Records from a dataset:
= Beginning of Section =

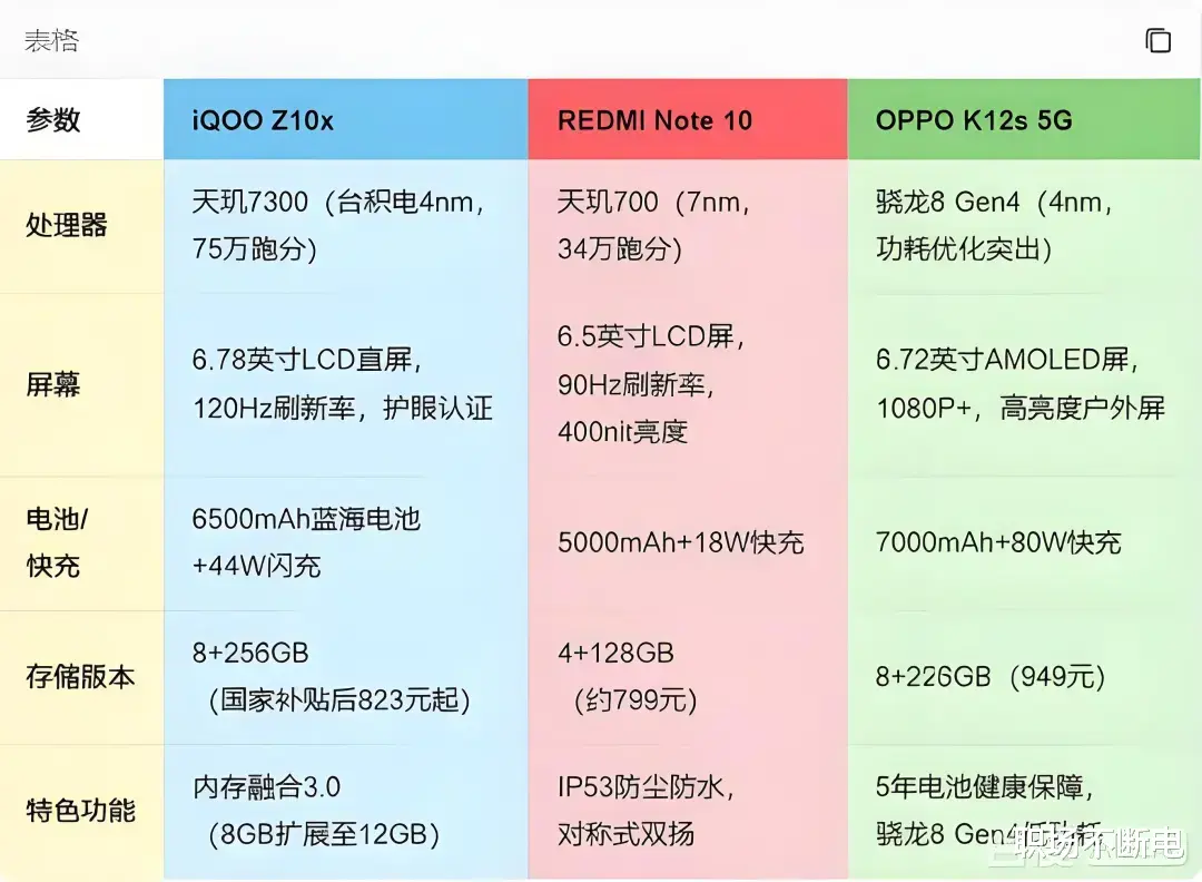 三、选购建议:三选一怎么选?看这三点就够了追求性能与游戏体验:选iQOO Z10x,天玑7300+内存扩展,75万跑分碾压同级,833元的补贴价性价比拉满。看重均衡与实用功能:选REDMI Note 10,IP53防水+对称双扬+3.5mm耳机孔,适合日常使用无短板需求。续航快充优先级最高:选OPPO K12s 5G,7000mAh+80W快充,彻底告别充电焦虑,AMOLED屏显示更细腻。
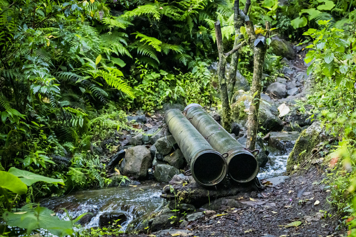 Halverwege de trail hoor ik gesnuif en gegrom in de bosjes dus ik loop terug naar Gooijert. Ik zeg ik ben bang Gooijert, er zit iets daar in de struiken en we zien de varens bewegen. Gooijert loopt naar het geluid en de beweging toe en schiet in de lach. Het is een ontluchter van de waterleiding die dat geluid maakt en de varens doet bewegen. Want ja je loopt hier langs de pijpleiding van het water wat opgevangen wordt en waardoor wij kunnen douchen enzo. Aan het einde van de deze trail is een waterval, die is metershoog, maar er valt niet heel veel water.
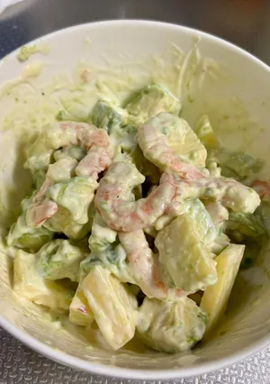 - 2茹でむき海老はキッチンペーパーで水気をしっかり拭き取る。
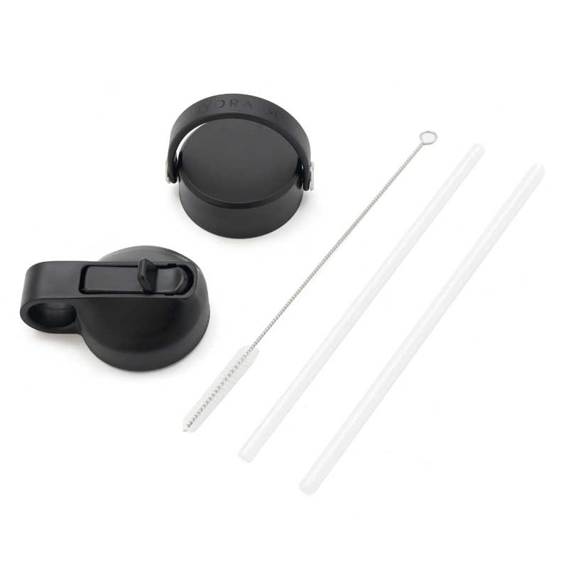 Cuenta con 2 tapas negras a rosca, para que utilices la que te resulte más cómoda: con pico y anillo para facilitar el agarre y con manija para transportarla. Incluye 2 sorbetes y cepillo limpiador.
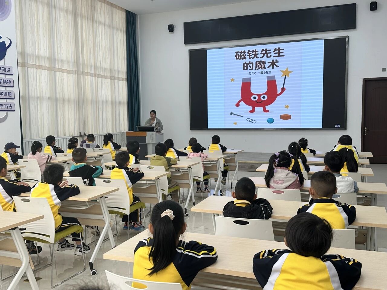 活动现场,针对3-6岁低龄儿童,志愿者们精心选取《你好,大熊猫!》等绘本,运用情景模拟、动物手偶表演等符合幼儿认知特点的教学方法,将科普知识巧妙融入互动游戏,现场气氛热烈,孩子们在欢声笑语中增长了见识。面对7-12岁的青少年,同学们则通过《磁铁先生的魔术》等绘本,配合磁铁实验道具进行现场演示与引导操作,让孩子们在亲手实践中感受物理的奥秘,有效激发了他们的科学探索欲。
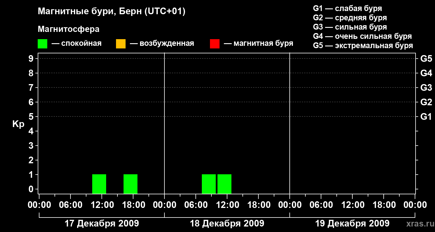 Изменения геомагнитного индекса Kp с 17 по 19 декабря 2009 года для средних широт
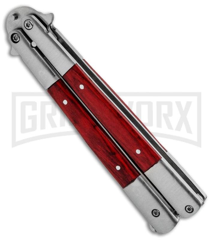 The Regal Red Wood butterfly knife has solid, smooth action. It features bolstered steel frame handles with red wood inserts and a pocket clip. The 440 stainless steel, partially serrated clip point blade has two tang pins, which results in tighter lock-up and less blade wear. The knife is constructed with Torx screws for easy adjustment of the knife.
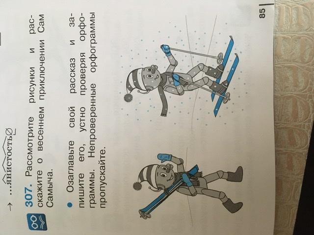 Всю зиму Сам Самыч катался на лыжах. Он не заметил ,ка наступтла весна. Однажды он по привычке пошнл кататься снова. Но весна то уже пришла Снег растаял И получилось не катание на лыжах по снегу,а шлепанье по лкжам. Подхватил яСам Самыч лыжи и вернулся домой.
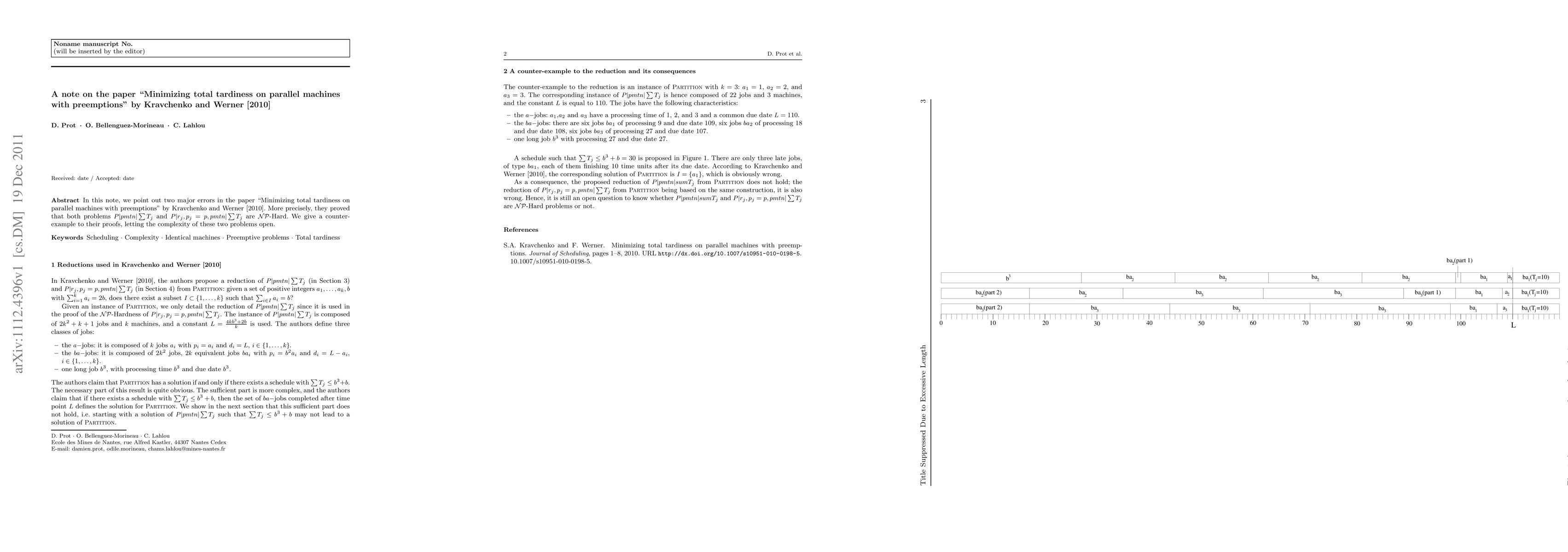 This note identifies two significant errors in Kravchenko and Werner's 2010 paper, which claimed NP-hardness for two scheduling problems. The authors provide a counterexample, invalidating the proofs and leaving the complexity of the problems unresolved.
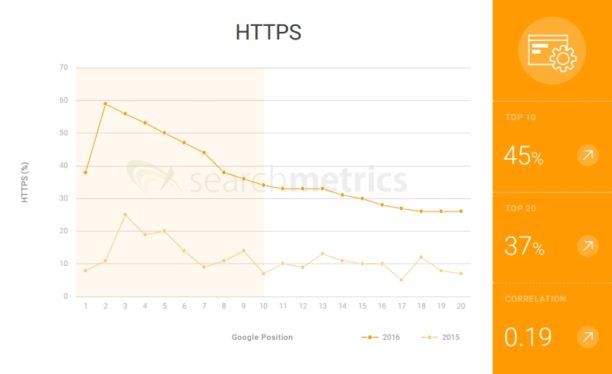 Cette étude est de plus en plus difficile à mener, car les résultats sont fortement influencés par le contexte de la recherche. Google fait appel au machine learning pour mieux comprendre les recherches, la notion de rank est de plus en plus floue. Pour cette raison, Searchmetrics se recentrera sur des études moins globales l’an prochain (c’est la dernière édition de l’enquête annuelle Ranking Factors).

= End of Section =

# WHAT THIS TASK INVOLVES:
Only the lines from the one containing "Всю зиму Сам" through the last line of the data above, both included, belong in the reply, each restated exactly and without pictures.

# SOLUTION TO THIS EXERCISE:
 Всю зиму Сам Самыч катался на лыжах. Он не заметил ,ка наступтла весна. Однажды он по привычке пошнл кататься снова. Но весна то уже пришла Снег растаял И получилось не катание на лыжах по снегу,а шлепанье по лкжам. Подхватил яСам Самыч лыжи и вернулся домой.
 This note identifies two significant errors in Kravchenko and Werner's 2010 paper, which claimed NP-hardness for two scheduling problems. The authors provide a counterexample, invalidating the proofs and leaving the complexity of the problems unresolved.
 Cette étude est de plus en plus difficile à mener, car les résultats sont fortement influencés par le contexte de la recherche. Google fait appel au machine learning pour mieux comprendre les recherches, la notion de rank est de plus en plus floue. Pour cette raison, Searchmetrics se recentrera sur des études moins globales l’an prochain (c’est la dernière édition de l’enquête annuelle Ranking Factors).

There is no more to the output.